* **DATASET SECTION**
☆ ☆ ☆ ☆

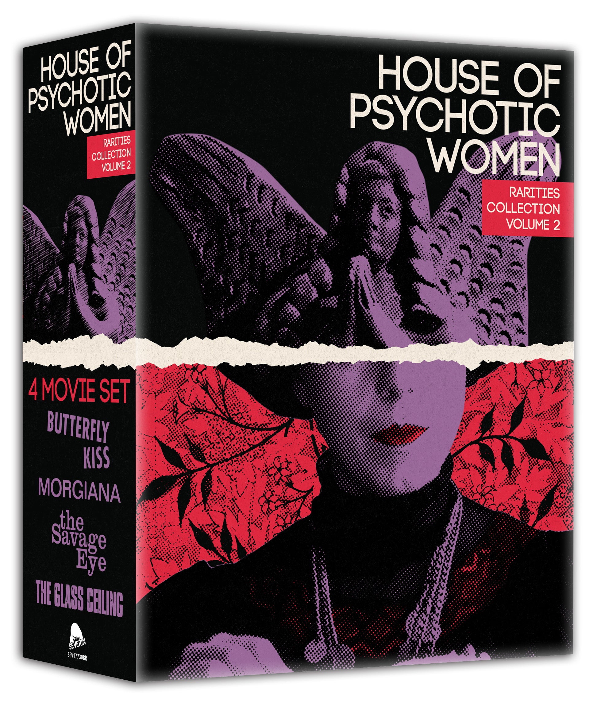 In this second collection inspired by her "groundbreaking" (Screen Anarchy) book that "forever changed the landscape of film analysis" (Bloody Disgusting), producer/curator Kier-La Janisse presents a new quartet of international classics - along with nearly 11 combined hours of Special Features - that explores startling depictions of female neurosis on screen: Amanda Plummer gives a searing performance as a disturbed drifter on a cross-country killing spree in BUTTERFLY KISS, the breakthrough debut from director Michael Winterbottom. Legendary Czech actress Iva Janžurová portrays a pair of rival sisters in Juraj Herz' crazed gothic melodrama MORGIANA. In Ben Maddow, Sidney Meyers and Joseph Strick's 'dramatized documentary' THE SAVAGE EYE, Barbara Baxley stars as a bitter divorcee adrift in Los Angeles' dark underbelly. And with the landmark Spanish thriller THE GLASS CEILING starring Carmen Sevilla, writer/director Eloy de la Iglesia crafts an unsettling story of paranoia, madness and murder. All 4 films in HOUSE OF PSYCHOTIC WOMEN RARITIES COLLECTION VOLUME 2 have been scanned from their original camera negatives and are presented on Blu-ray for the first time ever in North America.
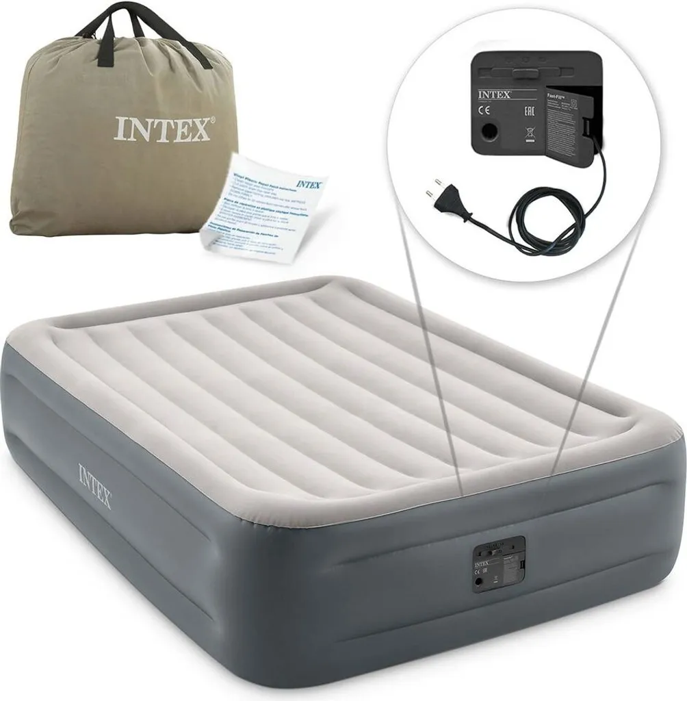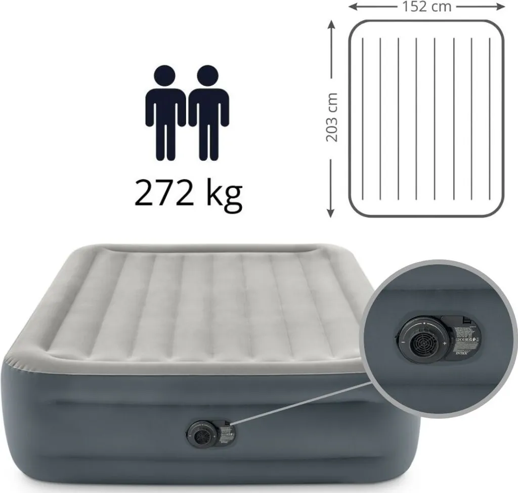 1xIntex Essential Rest – Luftmatratze – 2 Personen – 152x203x46 cm (BxLxH) – Grau – Mit eingebauter MotorpumpeAchtung!
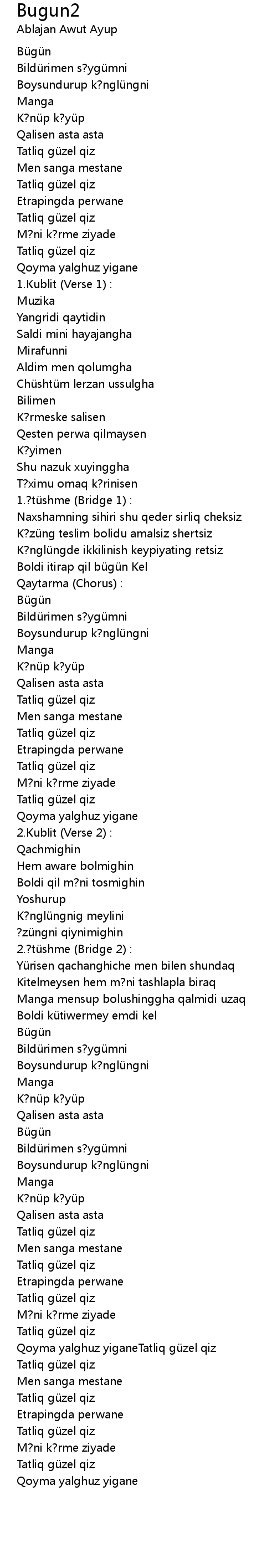 | [02:36.96] | Manga mensup bolushinggha qalmidi uzaq |
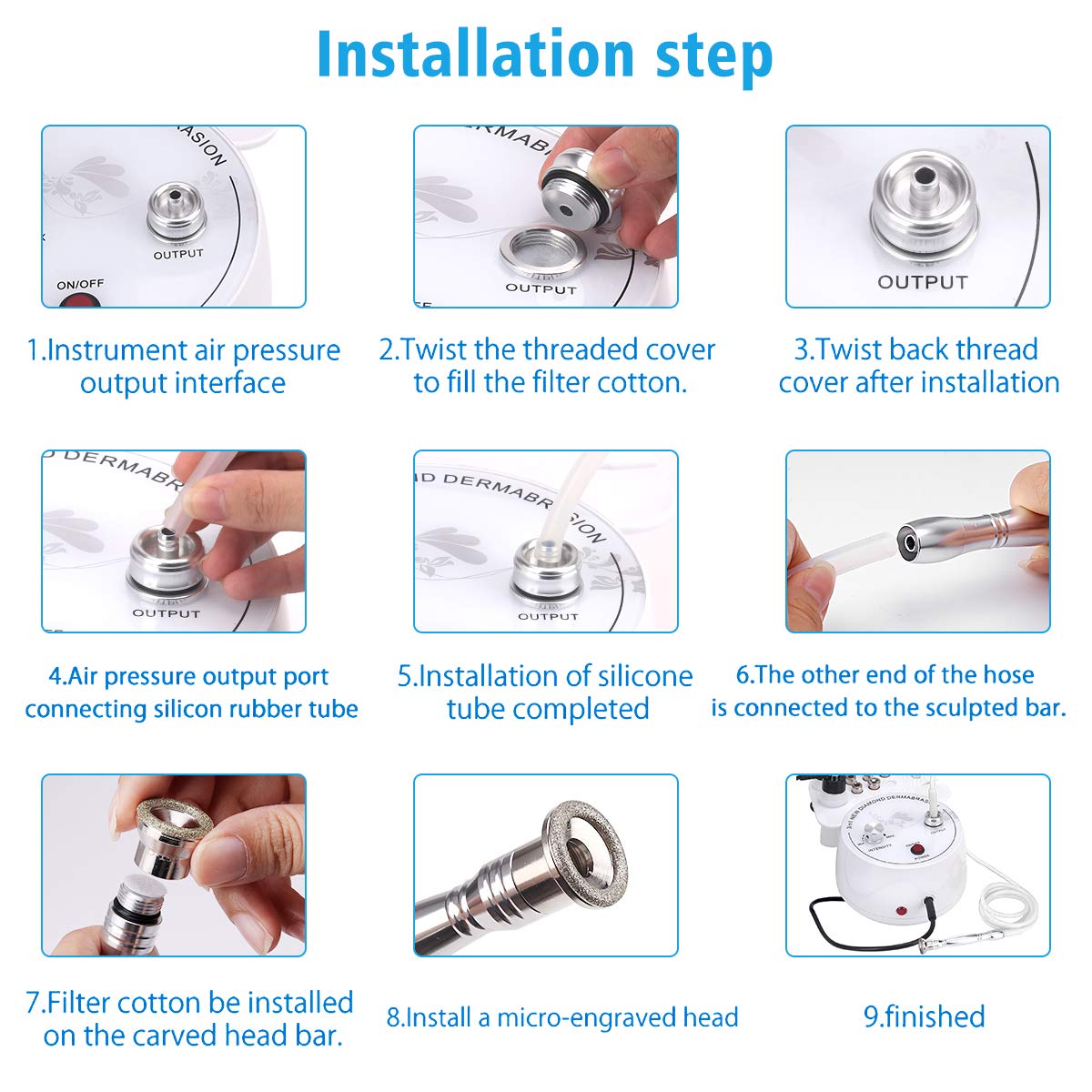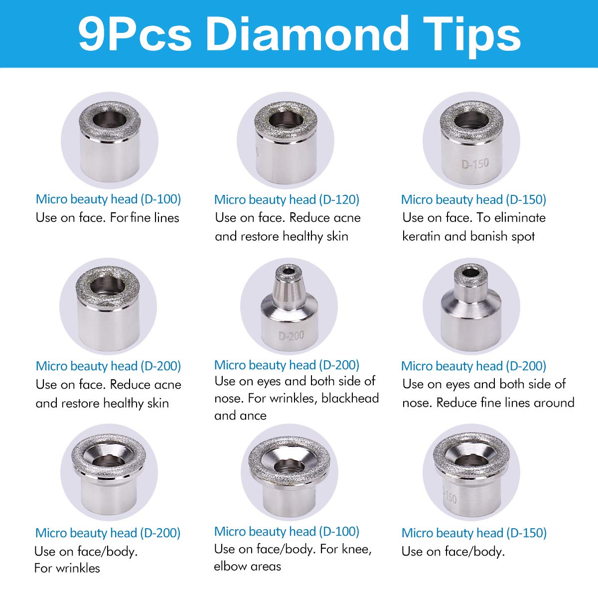 • ?【9 Diamond Head】The microdermabrasion machine is equipped with 9 shaped diamond head of different functions,it has adjustable vacuum intensity to adapt to different area treatment. It suits for face, forehead, chest, nose, neck, near eye area, and detachable bracket for convenient arrangement of diamond heads and wands. ★★Notice: Please start from the lowerest setting, then enhance vacuum bit by bit

☆ ☆ ☆ ☆

* **EXERCISE**
Starting at the line that contains "qalmidi uzaq |", retype each line through the final one in the listing, with both ends kept and the pictures omitted.

* **EXERCISE OUTPUT**
 | [02:36.96] | Manga mensup bolushinggha qalmidi uzaq |
 • ?【9 Diamond Head】The microdermabrasion machine is equipped with 9 shaped diamond head of different functions,it has adjustable vacuum intensity to adapt to different area treatment. It suits for face, forehead, chest, nose, neck, near eye area, and detachable bracket for convenient arrangement of diamond heads and wands. ★★Notice: Please start from the lowerest setting, then enhance vacuum bit by bit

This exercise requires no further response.